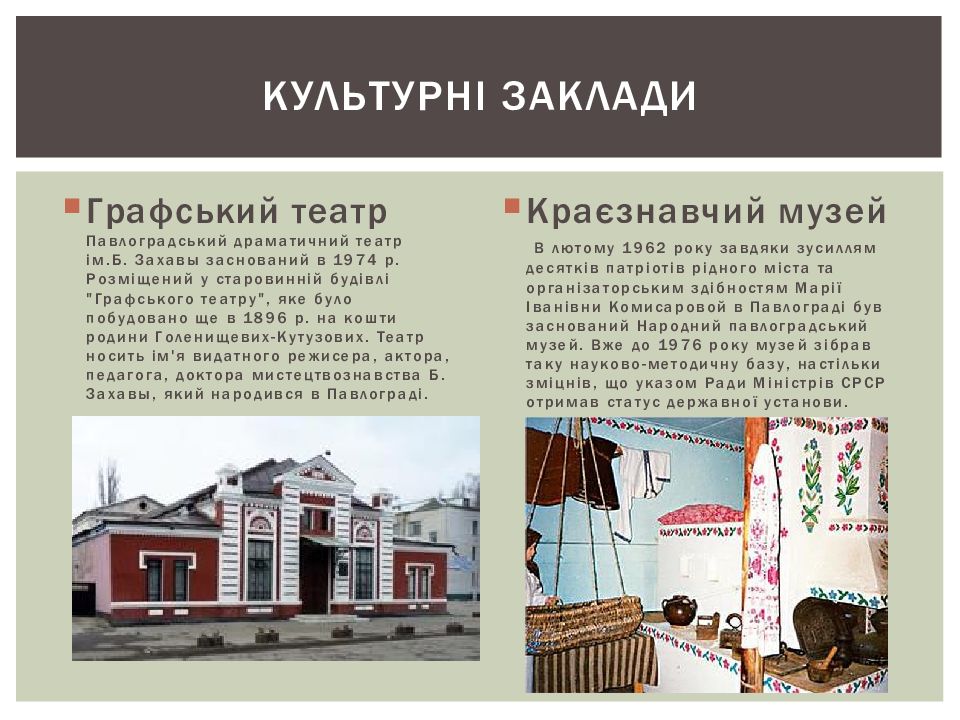 Графський театр Павлоградський драматичний театр ім.Б. Захавы заснований в 1974 р. Розміщений у старовинній будівлі " Графського театру", яке було побудовано ще в 1896 р. на кошти родини Голенищевих-Кутузових. Театр носить ім'я видатного режисера, актора, педагога, доктора мистецтвознавства Б. Захавы, який народився в Павлограді. Краєзнавчий музей В лютому 1962 року завдяки зусиллям десятків патріотів рідного міста та організаторським здібностям Марії Іванівни Комисаровой в Павлограді був заснований Народний павлоградський музей. Вже до 1976 року музей зібрав таку науково-методичну базу, настільки зміцнів, що указом Ради Міністрів СРСР отримав статус державної установи. Культурні заклади
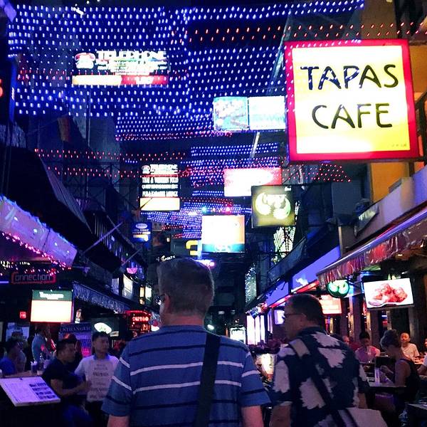 晚上暹罗广场随便找了家餐厅吃了晚餐,结果是踩雷,一个晚上收获最大的是路边的芒果奶昔,不要太好喝!!!超浓郁乱入的酒吧一条街我们停留在 曼谷 的时间并不多,而水上市场在我心里是一个来 泰国 必须要去的地方。 曼谷 附近这里有几个比较有名的水上市场,但是基本都是在周末开,只有丹嫩沙多是全日开放的,所以第二天我们选择报一个半日游的团去丹嫩沙多水上市场(价格是一百二十多一个人,体验非常好)
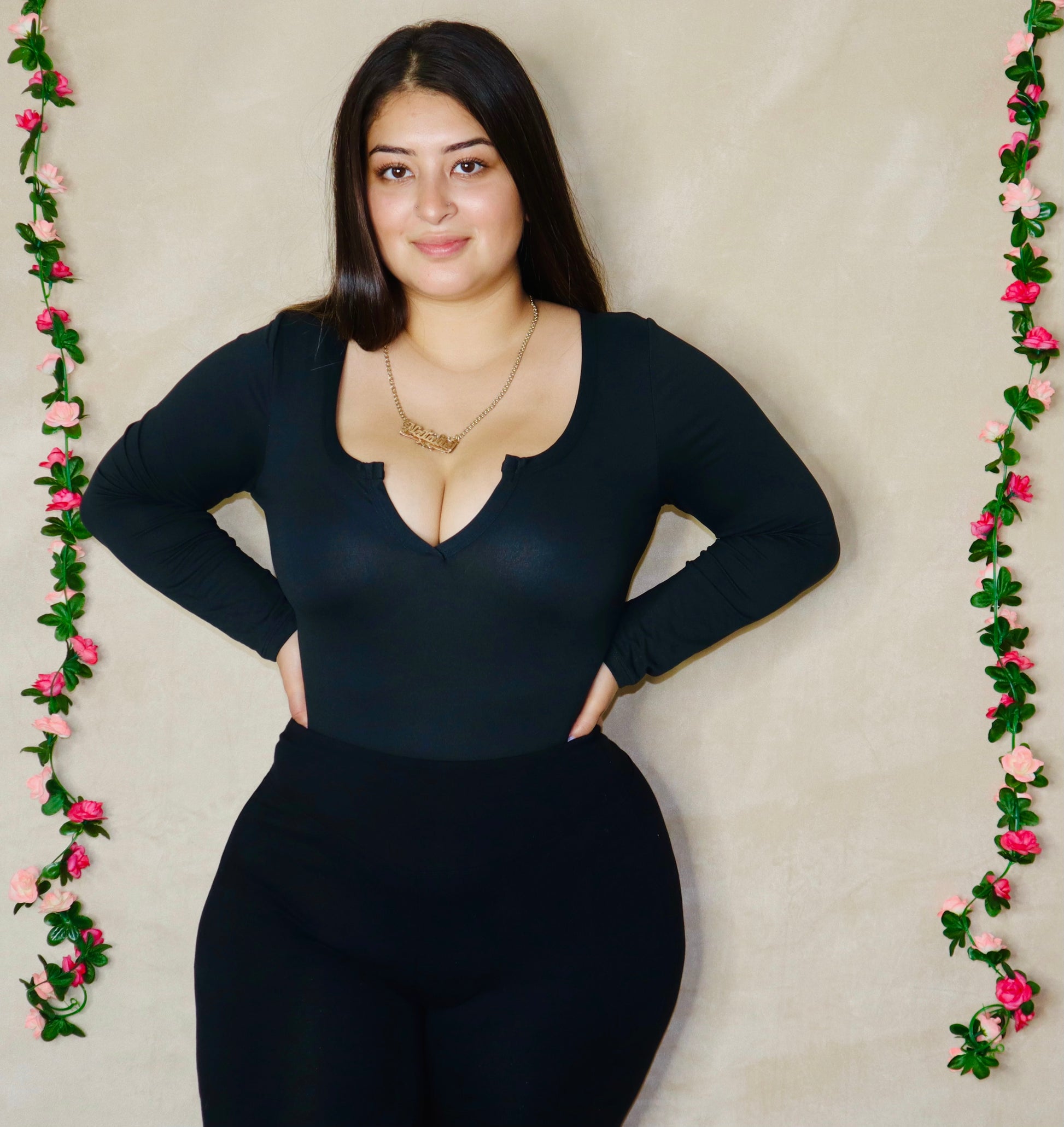 Split neck, Long sleeve black body suit, stretchy
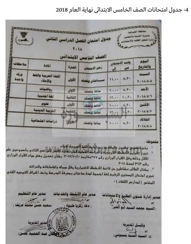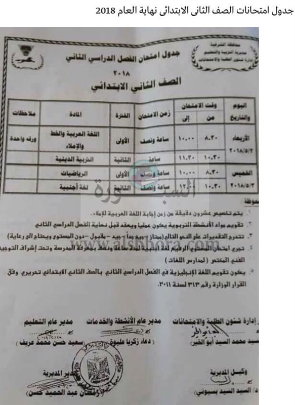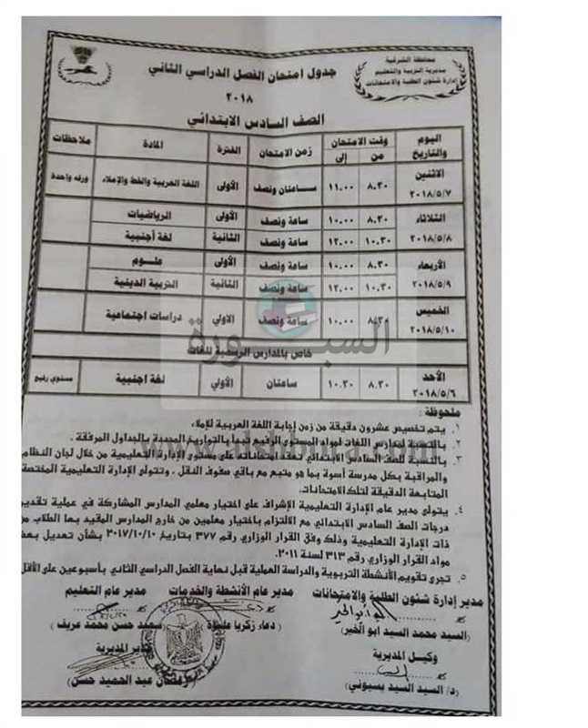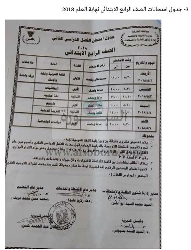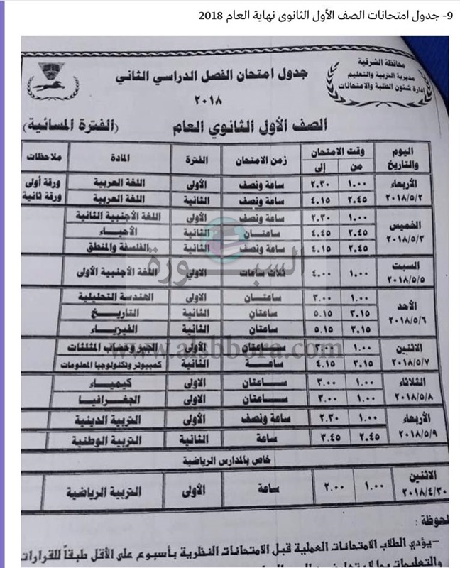 أعلنت مديرية التربية والتعليم بمحافظة الشرقية عن جدول امتحانات آخر العام للعام الدراسى 2018/2017، والتى جاءت كالتالى:
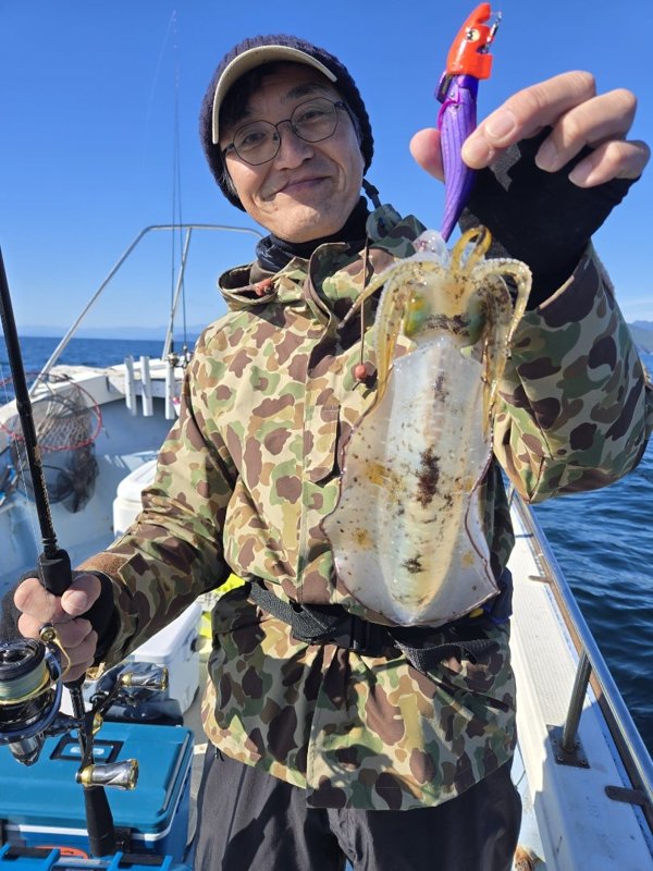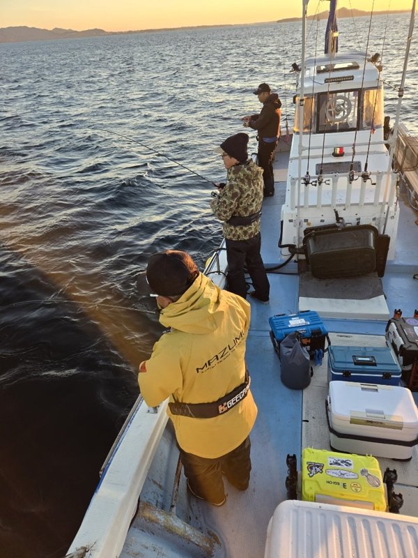 無風予報でしたが朝イチにエエ風吹いて良さそう。こないだパタパタ当たった場所か、もう1ヵ所か悩んで、パタパタ当たった場所に入ったのが間違い。プレジャーが多く流れだしても当たらん。迷った場所で僚船はパタパタ当てとった。今日は俺のポイント選択ミスでした。でも全員安打が救いです。
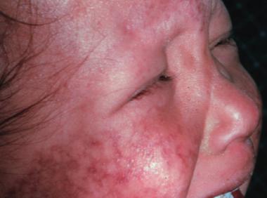 Príznaky tohto ochorenia sa rozvíjajú postupne. Najprv pozorujeme vyrážku na tvári, ktoré sa postupne presúva aj na ruky, nohy a zadok. Dochádza k postupnému stenčovaniu kože.
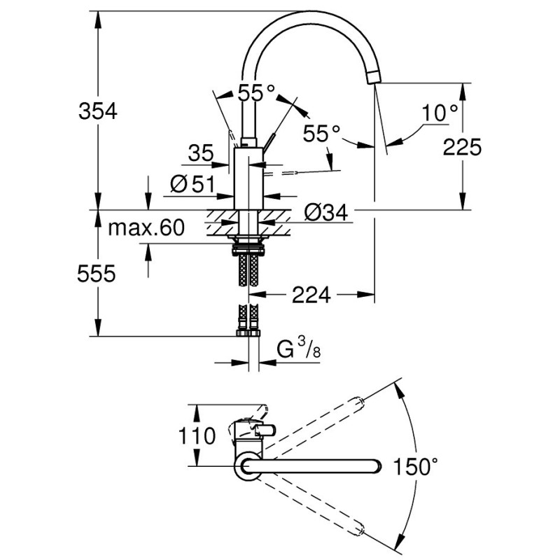 Plautuvės maišytuvas Grohe Eurosmart Cosmopolitan, chromo spalvos, aukšta svirtimi. Plautuvės maišytuvo StarLight apdaila padeda lengvai jį prižiūrėti, todėl nereikia didelių pastangų jį valant. Maišytuvo valymui naudojamas tik vanduo ir muilas, kad jo paviršius liktų nepažeistas. Maišytuvas sukasi 0°/150° kampu, valdomas su rankenėle iš šono. Elegantiškas Grohe Eurosmart Cosmopolitan maišytuvo dizainas, derinasi prie įvairaus virtuvės interjero, todėl tai puikus pasirinkimas, norintiems išskirtinio plautuvės maišytuvo. Vandens pajungimas - G 3/8". Maišytuve naudojama keraminė kasetė užtikrina sklandų ir ilgaamžį maišytuvo veikimą. Suteikiama 5 metų garantija.
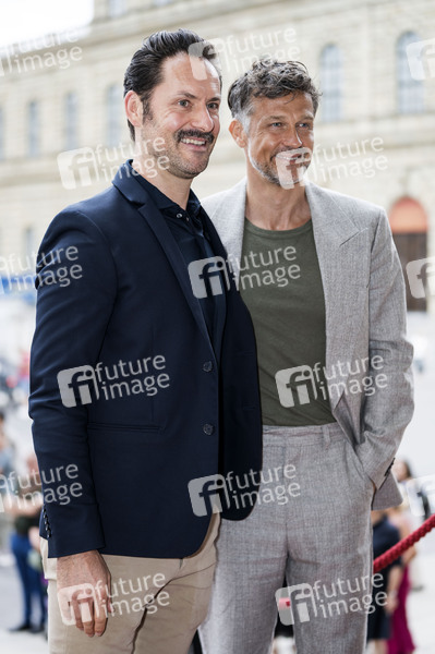 Marc Trefz und Wayne Carpendale bei der Ankunft zum Event 'Oper für alle 2025' im Rahmen der Münchner Opernfestspiele im Nationaltheater mit der Live-Opernübertragung von Wolfgang Amadeus Mozarts 'Don Giovanno' auf dem Max-Joseph-Platz. München, 06.07.2025
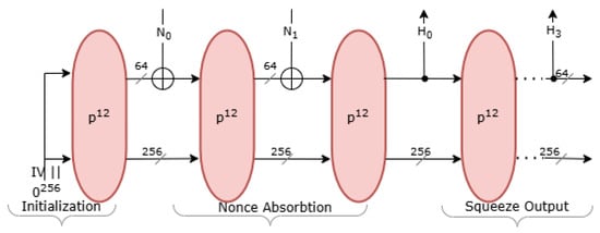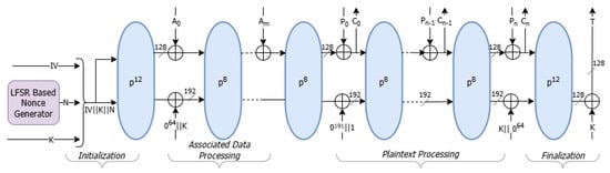 A twelve-round permutation, , is first applied to the concatenated input , ensuring strong diffusion and secure mixing of the key and nonce. During the associated data absorption phase, each associated data block is XORed into the rate portion of the state, followed by an eight-round permutation, , after each block.
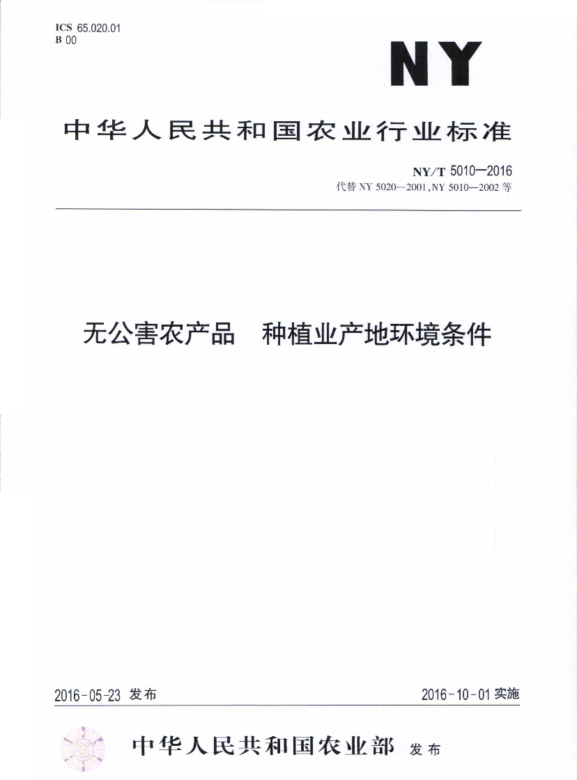 简介:NYT 5010-2016 无公害产品 种植业产地环境条件
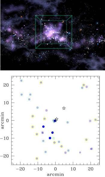 Em cima: Visão artística da cadeia de galáxias descoberta, sobreposta nas 37 galáxias detectadas (na região indicada pelo cubo). Em baixo: Diagrama das posições relativas das 37 galáxias detectadas neste estudo, em unidades de minutos de arco.Crédito: NASA.
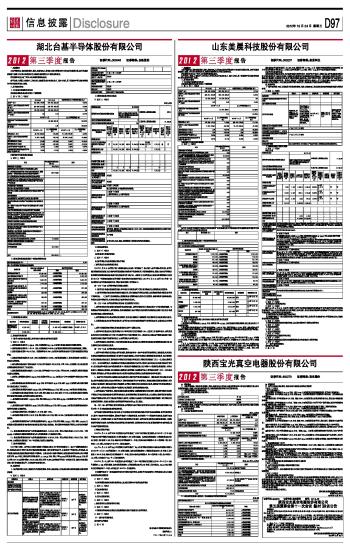 山东美晨科技股份有限公司2012第三季度报告 2012-10-24 来源:证券时报网 作者:
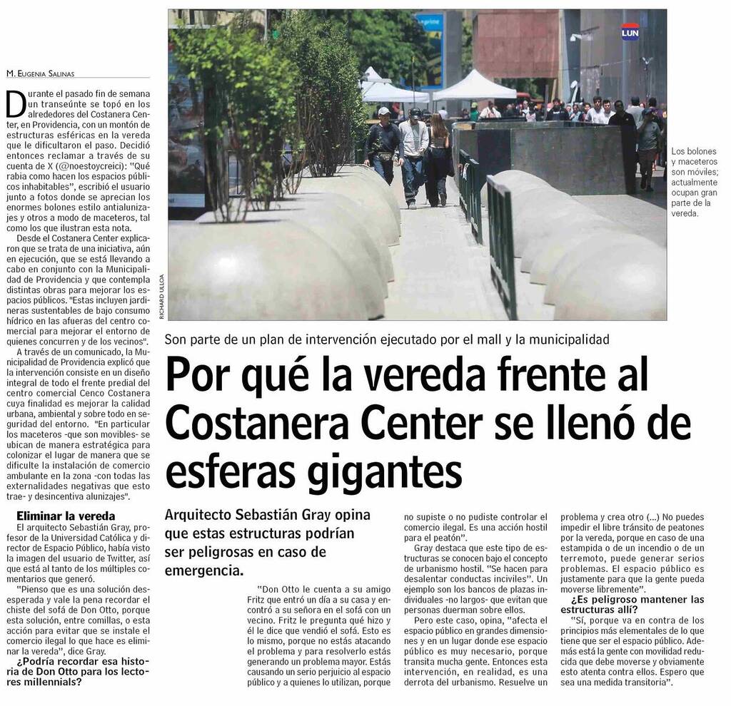 Las Últimas Noticias destaca que la vereda frente al Costanera Center se llenó de esferas gigantes como parte de un plan de intervención, ejecutado por el mall y la Municipalidad de Providencia, que busca mejorar la calidad urbana, ambiental y la seguridad del entorno. Habla el profesor de la escuela de Arquitectura Sebastián Gray. Otros medios citan la publicación.

**What is expected:** Using the records above, return verbatim only the part that opens with the line containing "Em cima: Visão" and closes with the line containing "山东美晨科技股份有限公司2012第三季度报告 2012-10-24 来源:证券时报网"; pictures stay out.

**Written answer:**
 Em cima: Visão artística da cadeia de galáxias descoberta, sobreposta nas 37 galáxias detectadas (na região indicada pelo cubo). Em baixo: Diagrama das posições relativas das 37 galáxias detectadas neste estudo, em unidades de minutos de arco.Crédito: NASA.
 山东美晨科技股份有限公司2012第三季度报告 2012-10-24 来源:证券时报网 作者:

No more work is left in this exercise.